Recently Ingo Molnar asked in one of the voluntary-preempt threads for
the minimum and average scheduling delay reported by jackd.  JACK does
not currently maintain these statistics.

I realized that the distribution of maximum latencies reported on each
process cycle is fairly normally distributed.  If this data followed a
normal distribution, it becomes much easier to make generalizations
about it - the standard deviation becomes meaningful, we can identify
whether a change is statistically significant, etc.  It would also
indicate the effectiveness of the Linux scheduler by identifying any
skew - the distribution in fact should be normal, as the only factor
that should be influencing this value is the variance in lengths of
whatever non-preemptible sections the kernel was in when we became
runnable.

The first step in being able to meaningfully analyze these results is to
determine the degree to which distribution is in fact normal.  The first
step in this process is to just to look at a histogram of the data.
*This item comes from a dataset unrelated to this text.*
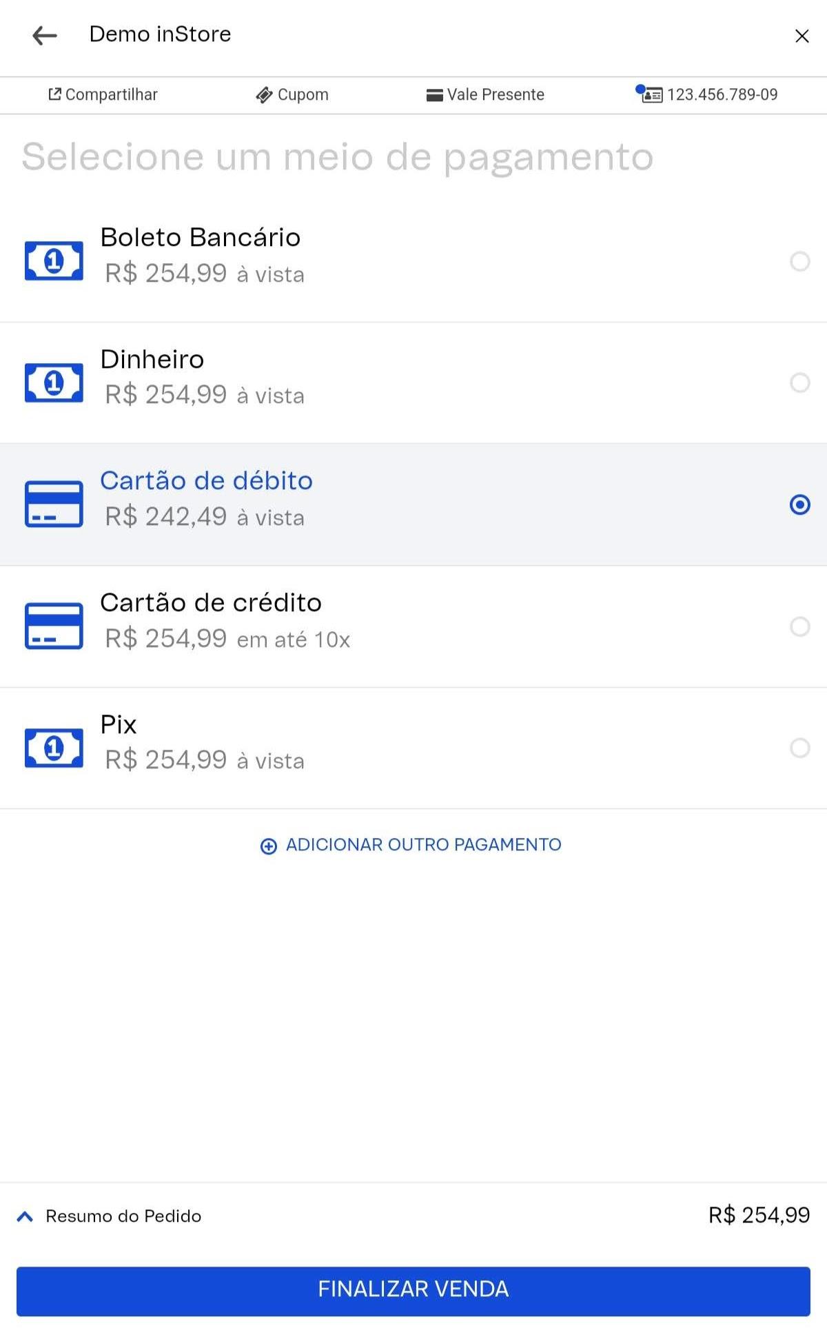 O cliente deve selecionar a opção Cartão de débito e clicar em Finalizar venda.
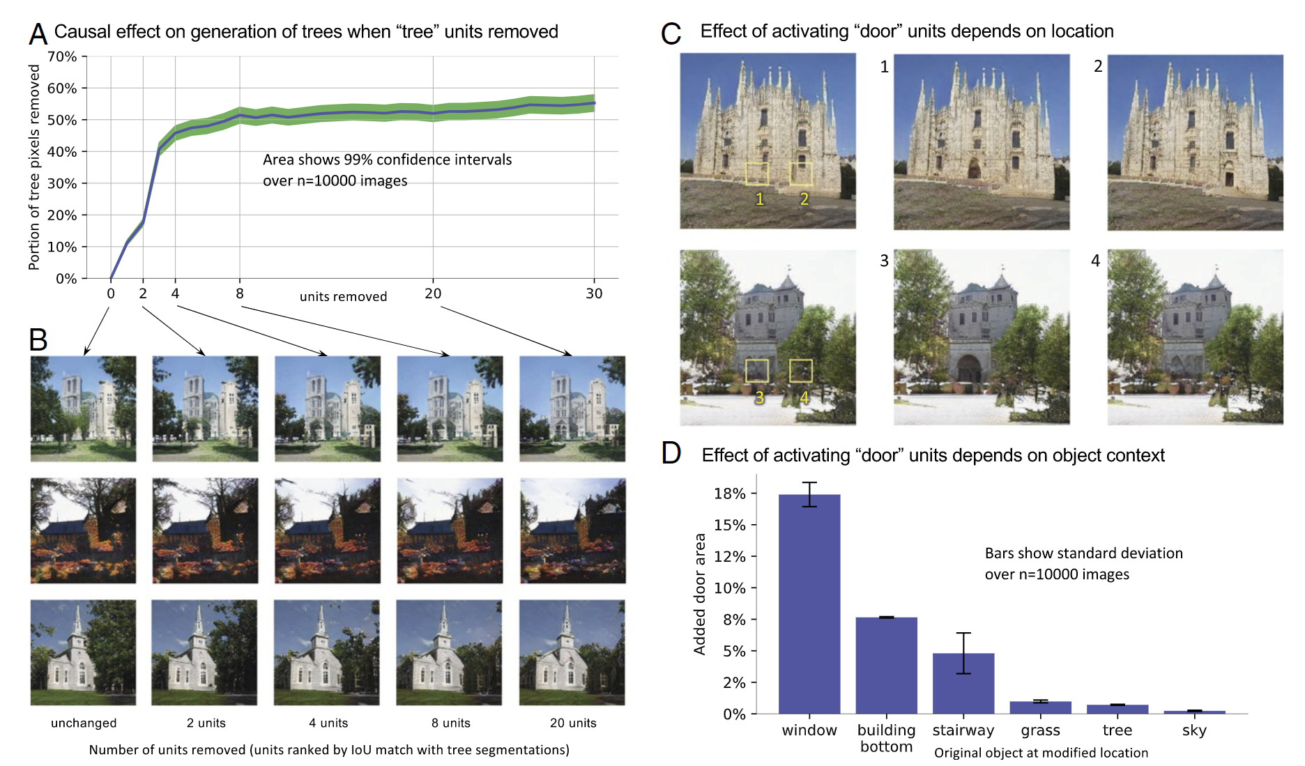 图 A 和 B:移除跟生成tree相关的unit,移除 Tree 的 unit 越多,树的数量越少;

In any jackd engine, the allowable window for scheduler latency is:

	(0,  period_usecs/2)

A latency in the range:

	[period_usecs/2, period_usecs]

will cause jackd to restart, and of course anything over period_usecs is
an XRUN.

Thus we can build a histogram of the observed latencies by creating an
array with period_usecs/2 elements, and adding 1 to each "bin" whenever
we see that value.  Using 32 frames at 48KHz, we have 333 "bins". 

The overhead is not too bad, because we only look at the highest latency
for each period (max_usecs), so we only have to update the histogram
once per period - if the underlying distribution is normal then the
distribution of the maximimums will be as well.
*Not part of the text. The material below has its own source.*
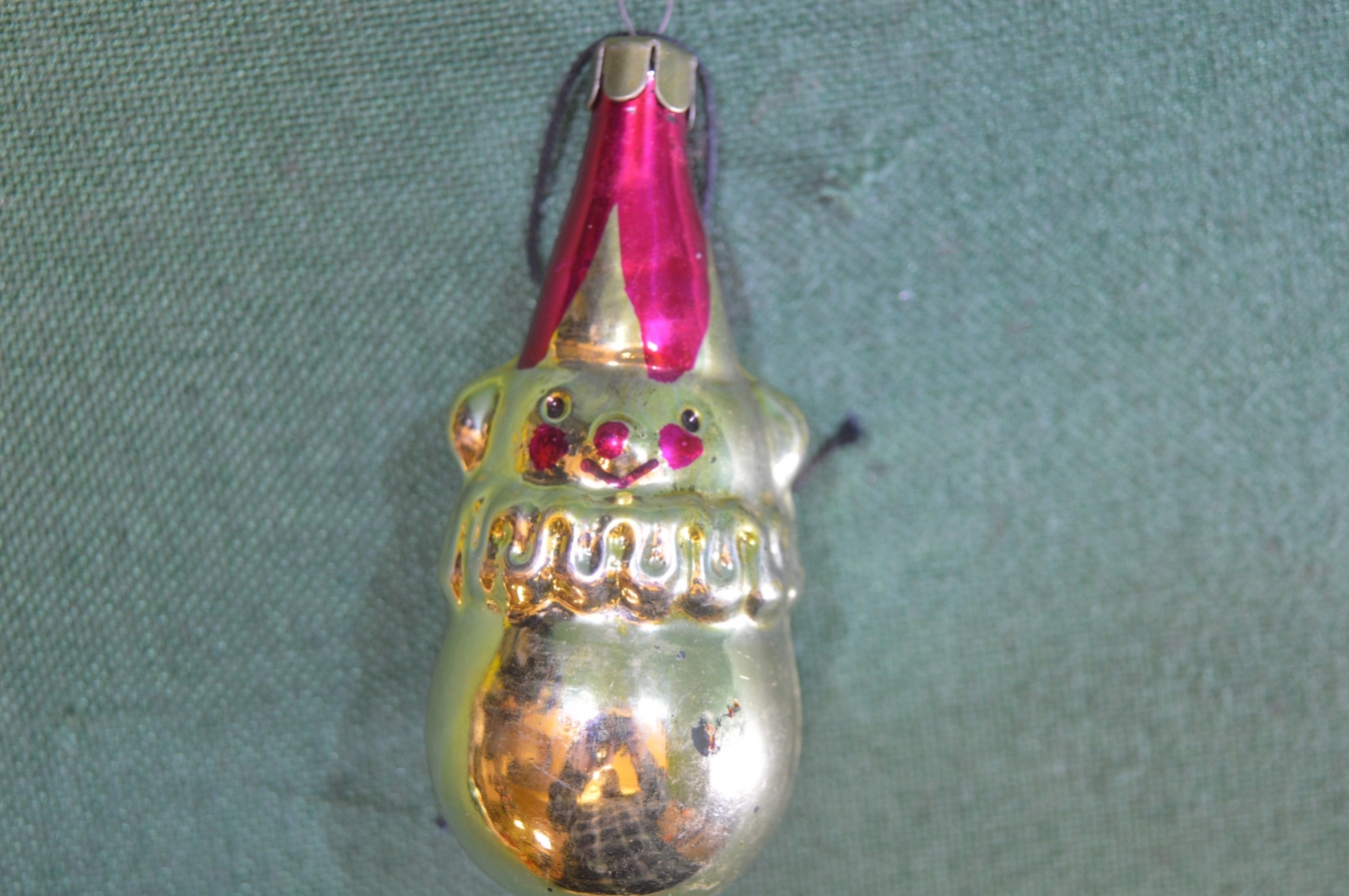Игрушка елочная стеклянная "Клоун ушастый, арлекин, неваляшка". Стекло, подвес. СССР.

The ability to use statistical methods to generalize about this data
will be increasingly important moving forward, because this is the
*only* way we can provide hard numbers: confidence intervals, p-values,
standard deviations, etc. rather than "It feels faster" or "Since $FOO
change the system is sluggish".  Statistical methods would allow us to
say "$FOO change increases the mean latency from 150 to 200 usecs, but
the standard deviation is now 20 rather than 75, so it's actually an
improvement".

Any change in the kernel that makes a difference in the "feel" of the
system is now open to analysis.  Many developers apparently do not
consider a user report of "It feels sluggish" to be as much of a concern
as "X took Y amount of time now it takes Z".  Statistical methods can
close this gap.

Anyone care to comment?

Lee

PS  I did not do very well in my statistics classes, and it's possible
that many kernel hackers are completely unfamiliar with statistical
methods.  Fortunately the subset that is immediately useful to us is
pretty easy to understand, and could be covered in one or two lectures,
or a HOWTO.  Depending on the level of interest I can create one.

next             reply	other threads:[~2004-07-31  5:22 UTC|newest]
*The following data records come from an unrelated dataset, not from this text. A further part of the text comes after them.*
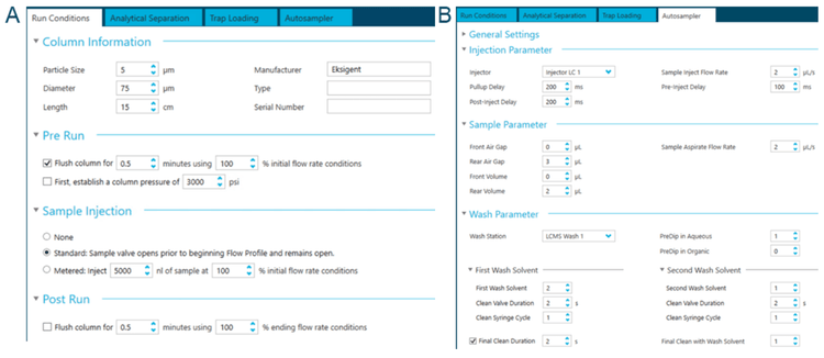 The M5 microflow LC system is integrated with SCIEX OS software to allow users to control LC parameters in a single streamlined and user-friendly interface. In the LC method module, users can view and control the instrument run conditions (Figure 4A), analytical separation and trapping gradients (Figures 3A and 3B) and autosampler parameters (Figure 4B).
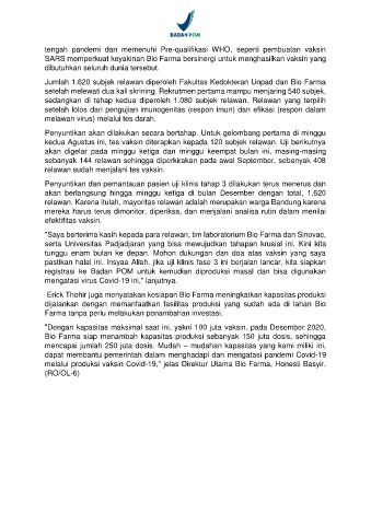 Erick Thohir juga menyatakan kesiapan Bio Farma meningkatkan kapasitas produksi
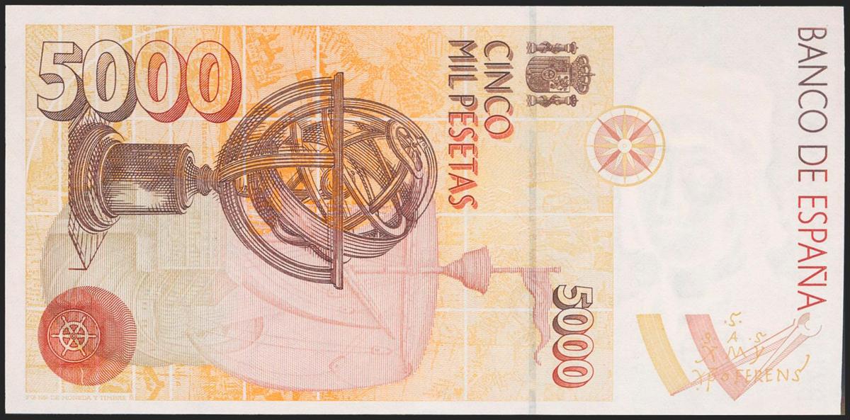 5000 Pesetas. 12 de Octubre de 1992. Serie 9A, numeración especial. (Edifil 2017: 484b). SC.

Thread overview: 6+ messages / expand[flat|nested]  mbox.gz  Atom feed  top
2004-07-31  5:22 Lee Revell [this message]
2004-08-01  2:55 ` Statistical methods for latency profiling Matt Mackall
2004-08-01  3:24   ` [Jackit-devel] " Lee Revell
2004-08-01  5:59     ` Lee Revell
2004-08-01 11:21       ` Ingo Molnar
2004-08-01 11:53         ` Lee Revell

Reply instructions:

You may reply publicly to this message via plain-text email
using any one of the following methods:

* Save the following mbox file, import it into your mail client,
  and reply-to-all from there: mbox

  Avoid top-posting and favor interleaved quoting:
  https://en.wikipedia.org/wiki/Posting_style#Interleaved_style

* Reply using the --to, --cc, and --in-reply-to
  switches of git-send-email(1):

  git send-email \
    --in-reply-to=1091251357.1677.116.camel@mindpipe \
    --to=rlrevell@joe-job.com \
    --cc=jackit-devel@lists.sourceforge.net \
    --cc=linux-kernel@vger.kernel.org \
    --cc=mingo@elte.hu \
    /path/to/YOUR_REPLY

  https://kernel.org/pub/software/scm/git/docs/git-send-email.html

* If your mail client supports setting the In-Reply-To header
  via mailto: links, try the mailto: link

Be sure your reply has a Subject: header at the top and a blank line before the message body.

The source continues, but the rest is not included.